The magnetic core serves as the “sensing framework” of a current sensor; it concentrates the magnetic field generated by the current in the conductor and transmits it to the Hall effect sensor, coil, or magnetoresistive element for detection.

The quality of the magnetic core directly affects the sensor’s accuracy, linearity, temperature drift, saturation resistance, and frequency response.

I. Silicon Steel: A Established Solution for High-Power and Power Frequency Applications

Silicon steel is one of the fundamental soft magnetic materials. To reduce eddy current losses, 1% to 5% silicon is added to iron to increase resistivity.

• Core Advantages: High saturation magnetic induction (between 1.8T and 2.0T), low cost, and high mechanical strength.
• Performance Limitations: Losses increase sharply at high frequencies, therefore it is typically used below 1kHz.
• Applicable Scenarios: Power frequency current transformers, open-loop Hall current sensors.

II. Permalloy: Pursuing Ultimate Precision

Permalloy is a nickel-iron alloy with extremely high initial permeability and extremely low coercivity.

• Core Advantages: Extremely high sensitivity in weak magnetic fields, excellent linearity, and minimal phase error.
• Performance Limitations: Low saturation magnetic induction (approximately 0.7T–0.8T), and highly sensitive to mechanical stress.
• Applicable Scenarios: Precision current transformers, fluxgate current sensors, leakage current sensors.

III. Ferrite: An Essential Material for Switching Power Supplies

Ferrite is a type of ceramic magnetic material with extremely high resistivity.

• Core Advantages: High resistivity, extremely low eddy current loss at high frequencies, and working frequency can reach several MHz.
• Extremely low cost: Shape is easy to process.
• Performance Limitations: Low saturation magnetic induction strength (0.3T–0.5T), greatly affected by temperature.
• Applicable Scenarios: High-frequency current transformers, high-frequency open-loop sensors, Rogowski coils (auxiliary cores).

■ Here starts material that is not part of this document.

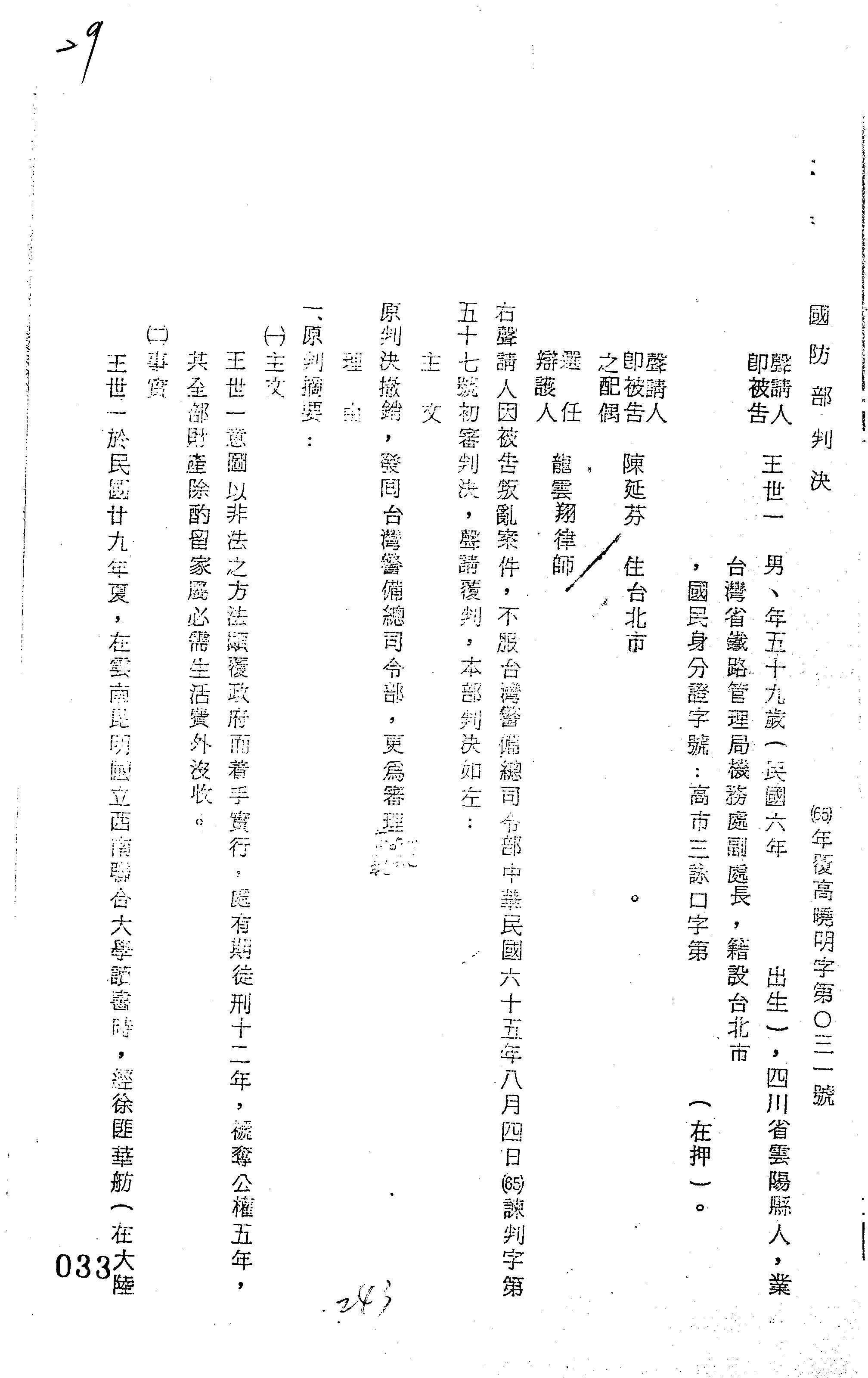 裁判書主文/要旨:原判決撤銷,發回臺灣警備總司令部,更為審理。

IV. Nanocrystalline: The “All-Rounder” in Soft Magnetic Materials

Nanocrystalline materials are manufactured through rapid solidification technology and possess extremely fine grain structures, combining the advantages of silicon steel and permalloy.

• Core Advantages: High saturation magnetic flux (~1.2T), high permeability, extremely low high-frequency loss.
• Temperature Stability: Minimal temperature drift, stable from DC to several hundred kHz.
• Performance Limitations: Material is brittle and usually requires a protective casing.
• Applicable Scenarios: Closed-loop Hall sensors, high-performance fluxgate sensors, wide-band current transformers.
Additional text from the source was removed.